The following data has a line with "Table 1. External" and a line with "1) ๊ณ ๊ฐ์ด ํ ๊ฐ". Write out exactly those lines and all the lines between them.
====== SUPPLIED DATA ======
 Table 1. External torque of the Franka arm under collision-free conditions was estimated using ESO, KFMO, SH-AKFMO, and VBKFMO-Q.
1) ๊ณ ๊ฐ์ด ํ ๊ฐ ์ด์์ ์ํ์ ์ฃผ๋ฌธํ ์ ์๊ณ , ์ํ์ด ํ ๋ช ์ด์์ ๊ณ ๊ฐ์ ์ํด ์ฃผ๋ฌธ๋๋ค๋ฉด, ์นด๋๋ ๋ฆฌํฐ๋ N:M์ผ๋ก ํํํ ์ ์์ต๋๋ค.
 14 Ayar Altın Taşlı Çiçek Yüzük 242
======
====== SUPPLIED DATA ======
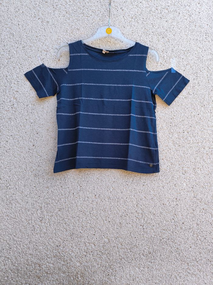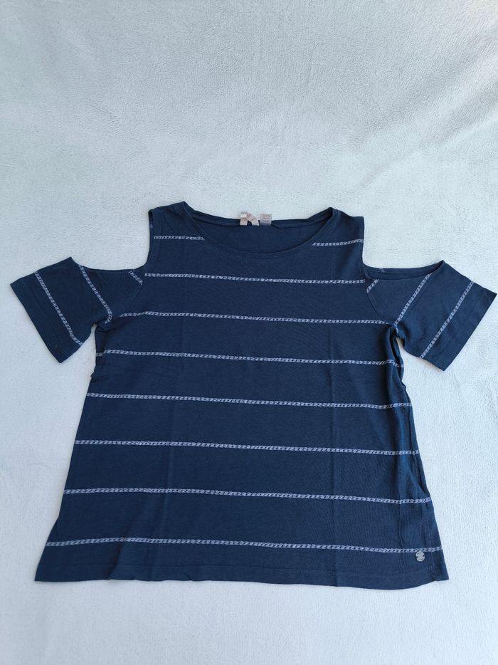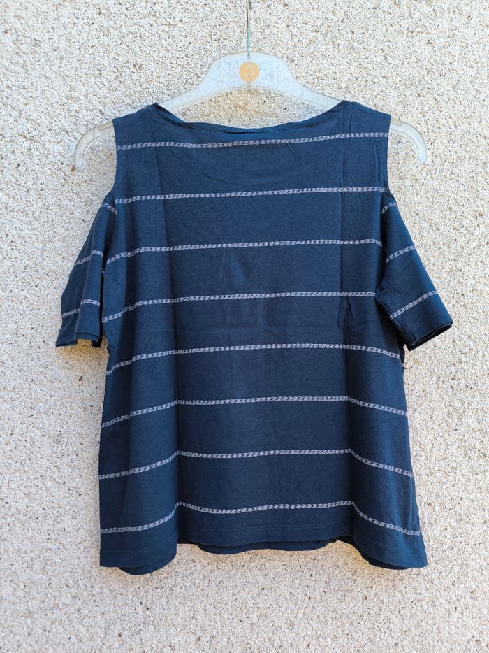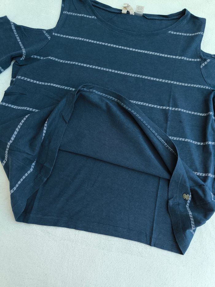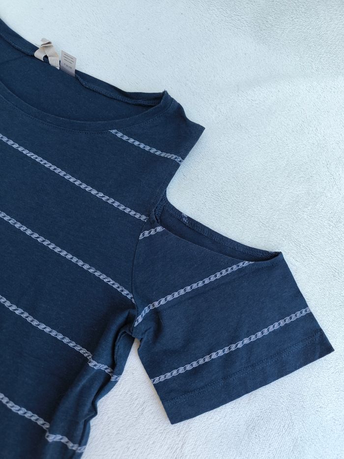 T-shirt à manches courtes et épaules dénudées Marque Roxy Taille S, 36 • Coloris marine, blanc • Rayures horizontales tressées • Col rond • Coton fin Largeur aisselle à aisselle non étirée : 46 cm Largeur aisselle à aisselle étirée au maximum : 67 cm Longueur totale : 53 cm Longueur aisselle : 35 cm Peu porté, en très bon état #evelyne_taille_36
======
_SOLUTION:_
 Table 1. External torque of the Franka arm under collision-free conditions was estimated using ESO, KFMO, SH-AKFMO, and VBKFMO-Q.
1) ๊ณ ๊ฐ์ด ํ ๊ฐ ์ด์์ ์ํ์ ์ฃผ๋ฌธํ ์ ์๊ณ , ์ํ์ด ํ ๋ช ์ด์์ ๊ณ ๊ฐ์ ์ํด ์ฃผ๋ฌธ๋๋ค๋ฉด, ์นด๋๋ ๋ฆฌํฐ๋ N:M์ผ๋ก ํํํ ์ ์์ต๋๋ค.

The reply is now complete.